Цицианов, как видно, не любил князя Потемкина за его недоступность и высокомерие и, вследствие этого, не отдавал ему должной справедливости и несочувствовал его гуманным нововведениям в улучшении образования, управления и быта русского солдата. Это он выразил словами Сергея Двужильного, убитого на Измаильском штурме (см. разговор в царстве мертвых). Суворов также не был идеалом Цицианова и он набрасывает тень на личное мужество великого полководца (что, впрочем, согласуется с рассказом В. Л. Энгельгардта о поведении Александра Васильевича графа Суворова-Рымникского при штурме Праги).

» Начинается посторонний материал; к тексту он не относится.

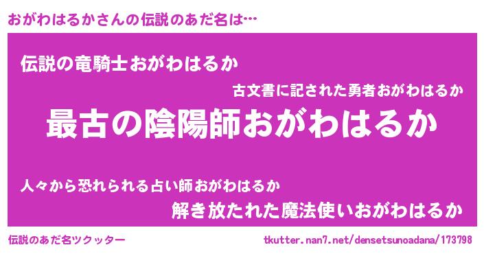 | 意味不明あだ名 | 『自称おがわはるか』 |

И между тем, отзыв Цицианова о принце Кобургском, в рассказе о взятии Хотина, увеличивает еще более заслуги Суворова в кампанию 1789 г., потому что, с нашим непобедимым полководцем, и принц Кобургский являлся героем в сражении при Фокшанах и Рымнике.

Последнею победою мы вполне обязаны решительности, мужеству [144] и хладнокровию Суворова; его пособником (как говорит Цицианов) был «честнейший, благороднейший, но неопытный в военном деле» принц Кобургский; что-ж до остальных, даже русских генералов, долженствовавших действовать в этом сражении, то вот как Суворов начинает свою реляцию Потемкину о Рыбникском (впоследствии Рымникском) сражении 11 сентября 1789 г.

«Я выступил, писал Суворов, в полночь на 8-е число из Подпуцена, с батальонами двумя егерскими, четырьмя гренадерскими, четырьмя мушкетерскими и легким, сформированным из мушкетер, на шесть кореев в две линии, при них в первой — генерал-маиор и кавалер Позняков; во второй — бригадир Вестфален, на сей случай дела прикомандированный с 12 карабинерными эскадронами, при сих бригадир Бурнашов; протчий генералитет за болезнию остался назади».

Екатерина II, которой Потемкиным была представлена эта реляция, отыскала на плане сражения реку Рымну и сделала Суворова графом Рымникским, а не Рыбницким и спрашивала Потемкина: «кто были генералы, оставшиеся за болезнию назади?» Потемкин ответил на это: «К чему вам, матушка, всемилостнвейшая государыня, знать сих срамцов; они уже и без того наказаны общим презрением» 4.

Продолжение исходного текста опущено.